→ Exercise description
The copy should hold exactly the lines below from the one that contains "До этого мы" through the one that contains "1、在首页输入或粘贴需配音的" and nothing else, so no pictures.

Data extracted from a collection
################
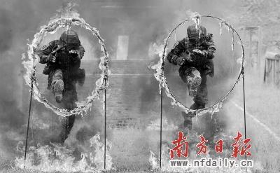 近日,武警广东总队二支队反劫机中队派出10名特战队员参加了武警部队年度反劫机干部骨干比武竞赛,一举摘下团体总分第一,并在11个科目中取得5个单项比赛的桂冠。图为爆炸冲击中,战士们正在攀爬高墙,穿越火障。
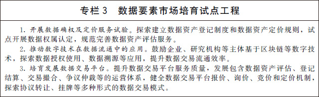 (二)加快數(shù)據(jù)要素市場化流通。加快構(gòu)建數(shù)據(jù)要素市場規(guī)則,培育市場主體、完善治理體系,促進(jìn)數(shù)據(jù)要素市場流通。鼓勵(lì)市場主體探索數(shù)據(jù)資產(chǎn)定價(jià)機(jī)制,推動(dòng)形成數(shù)據(jù)資產(chǎn)目錄,逐步完善數(shù)據(jù)定價(jià)體系。規(guī)范數(shù)據(jù)交易管理,培育規(guī)范的數(shù)據(jù)交易平臺(tái)和市場主體,建立健全數(shù)據(jù)資產(chǎn)評估、登記結(jié)算、交易撮合、爭議仲裁等市場運(yùn)營體系,提升數(shù)據(jù)交易效率。嚴(yán)厲打擊數(shù)據(jù)黑市交易,營造安全有序的市場環(huán)境。
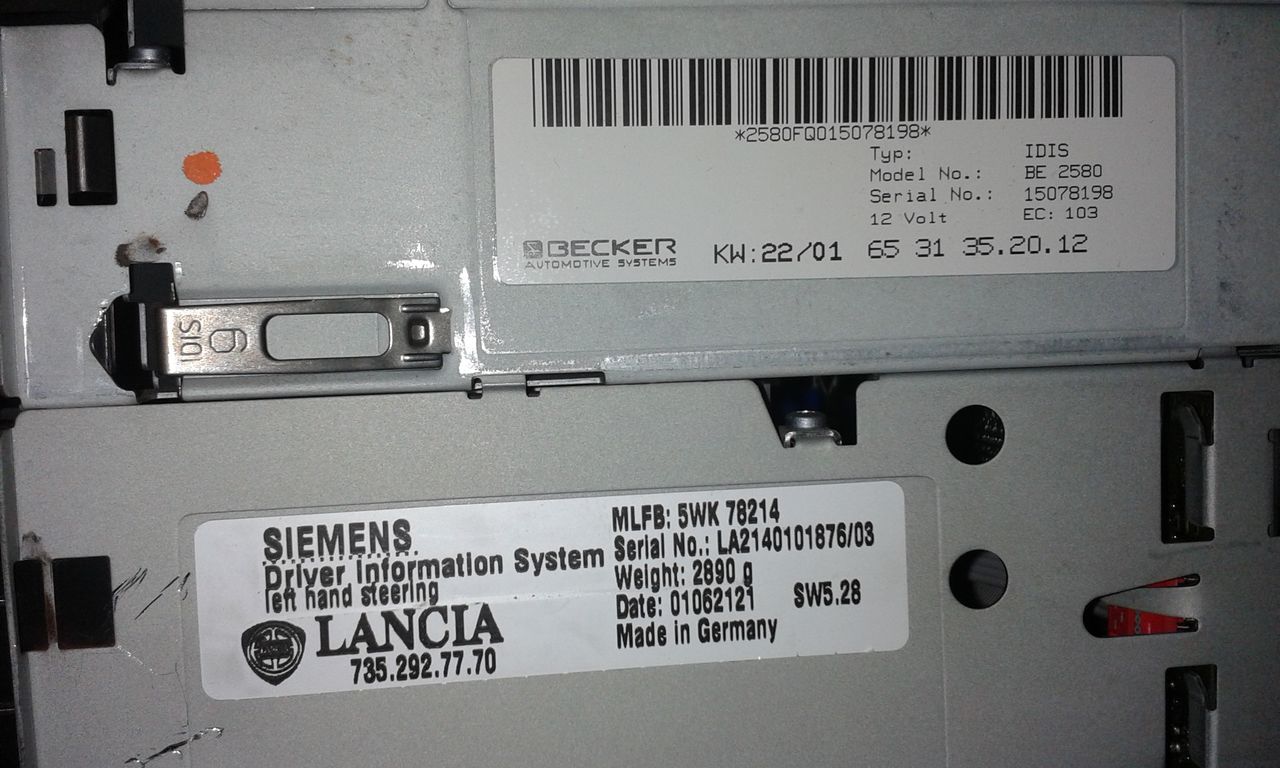 Kod do ICS i NAVI Lancia Lybra Radio Becker 2580
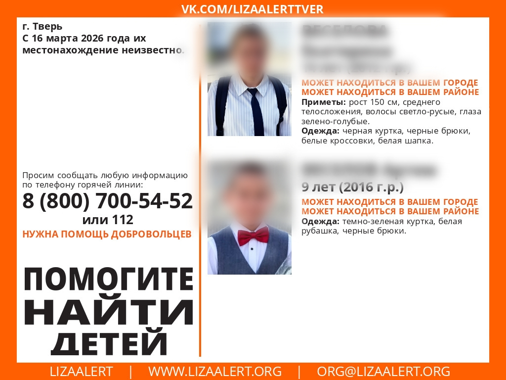 До этого мы рассказывали, что в Твери 16 марта загадочным образом пропали дети, брат и сестра в возрасте 9 и 14 лет. Тогда родители обратились к волонтерам с просьбой расширить географию поисков. По их словам, дети могут быть в Ленобласти.
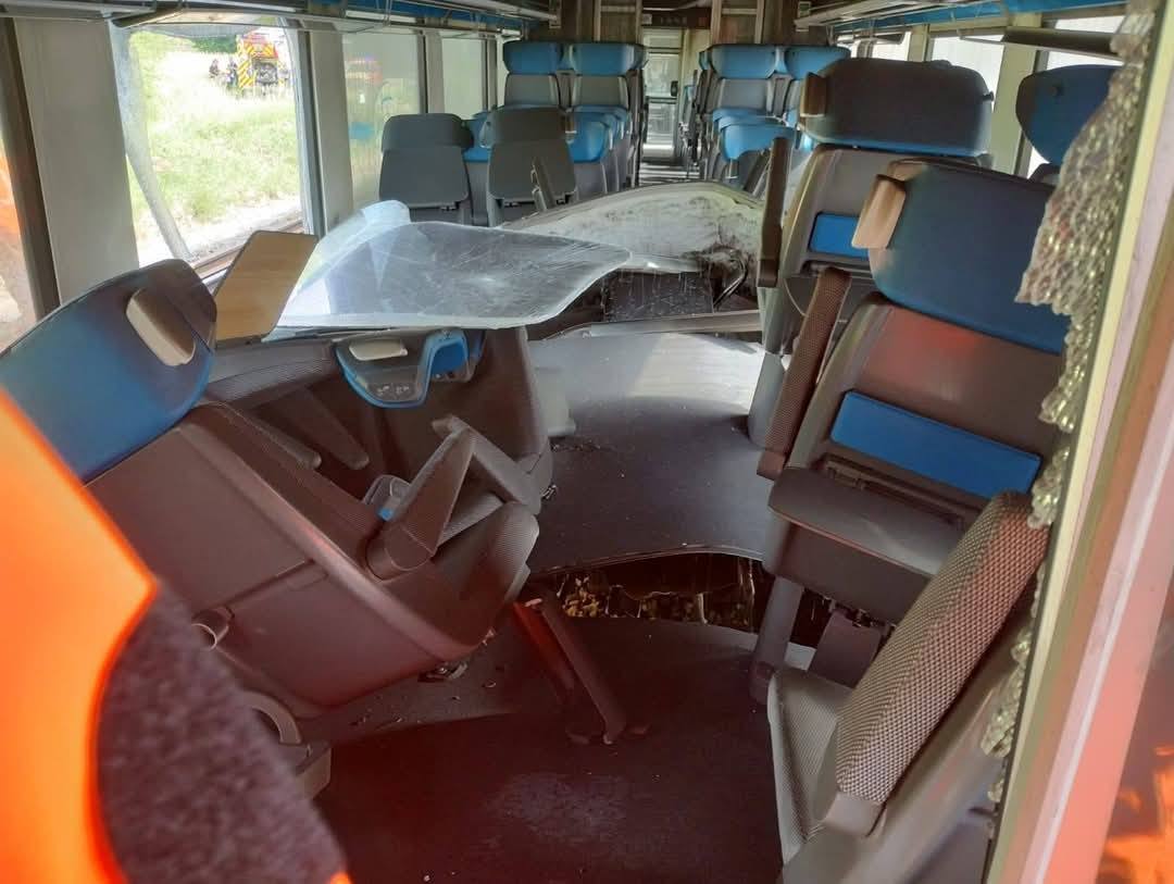 Incident sur un TER en gare de Laon ce vendredi 30 mai 2025, provoquant un départ de feu dans la locomotive. Le TER a percuté un godet de pelleteuse.
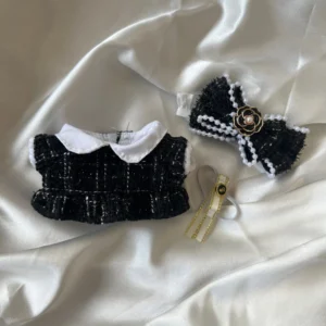 Labubu Tweed Elegance Set – Black Pearl Bow & Gold Brooch Detail (17cm)
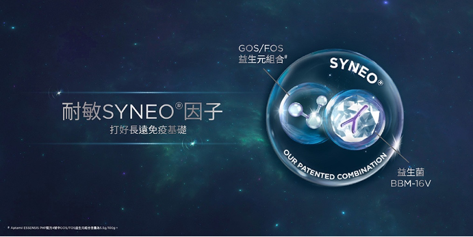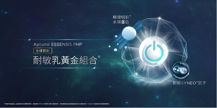 ^「耐敏乳黃金組合」由紐廸希亞科研團隊研發,透過專利SYNEO®及嶄新水解工藝和技術,支持鍛鍊免疫系統對膳食蛋白的口服耐受性。SYNEO®已在歐洲及多國獲得專利。
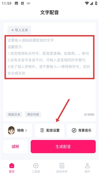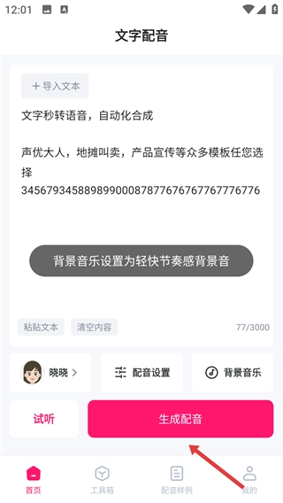 1、在首页输入或粘贴需配音的文字,挑选配音人员并完成配音设置,随后点击“生成配音”按钮。
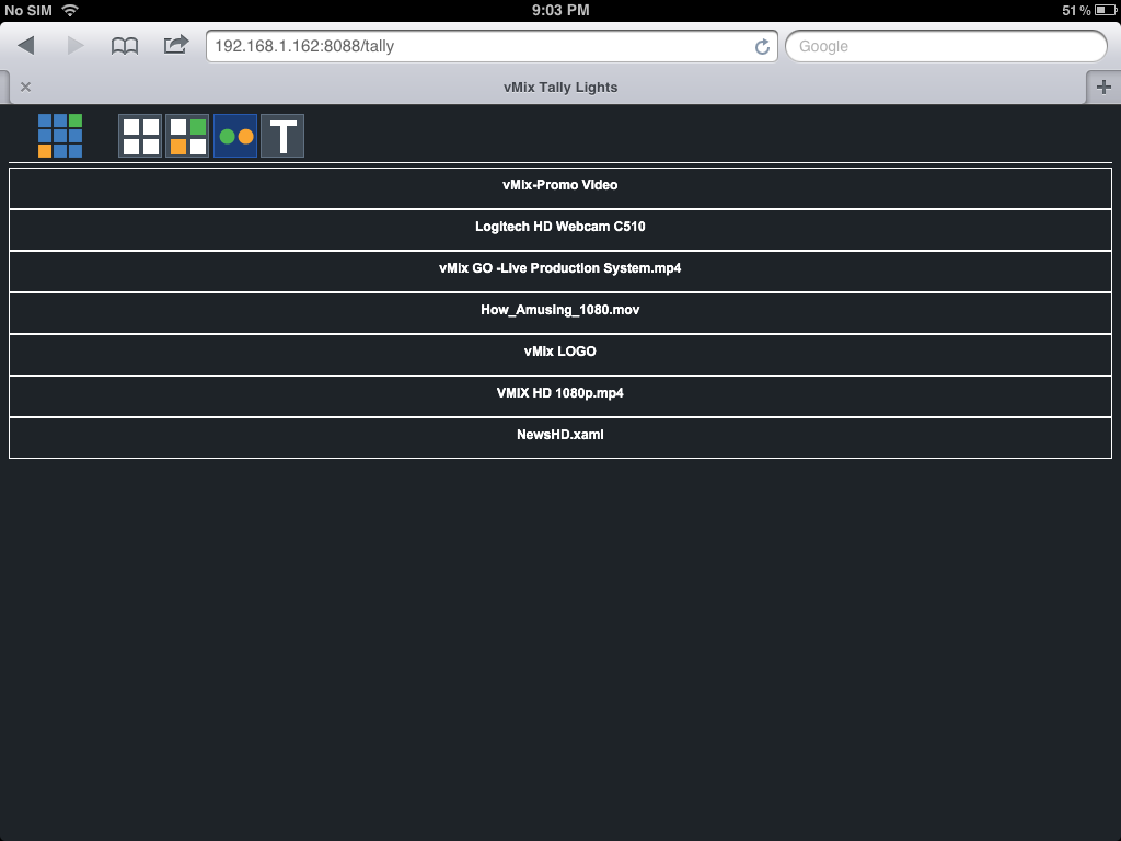 The vMix Web Controller interface is a compact version of your actual vMix interface. It is compact so that it can be used on even the smallest of Smartphone screens. The interface has 4 different screens- Shortcuts, Controller, Tally Lights and Titles. These can be changed by clicking the icons along the top.
################
→ Response below
 До этого мы рассказывали, что в Твери 16 марта загадочным образом пропали дети, брат и сестра в возрасте 9 и 14 лет. Тогда родители обратились к волонтерам с просьбой расширить географию поисков. По их словам, дети могут быть в Ленобласти.
 Incident sur un TER en gare de Laon ce vendredi 30 mai 2025, provoquant un départ de feu dans la locomotive. Le TER a percuté un godet de pelleteuse.
 Labubu Tweed Elegance Set – Black Pearl Bow & Gold Brooch Detail (17cm)
 ^「耐敏乳黃金組合」由紐廸希亞科研團隊研發,透過專利SYNEO®及嶄新水解工藝和技術,支持鍛鍊免疫系統對膳食蛋白的口服耐受性。SYNEO®已在歐洲及多國獲得專利。
 1、在首页输入或粘贴需配音的文字,挑选配音人员并完成配音设置,随后点击“生成配音”按钮。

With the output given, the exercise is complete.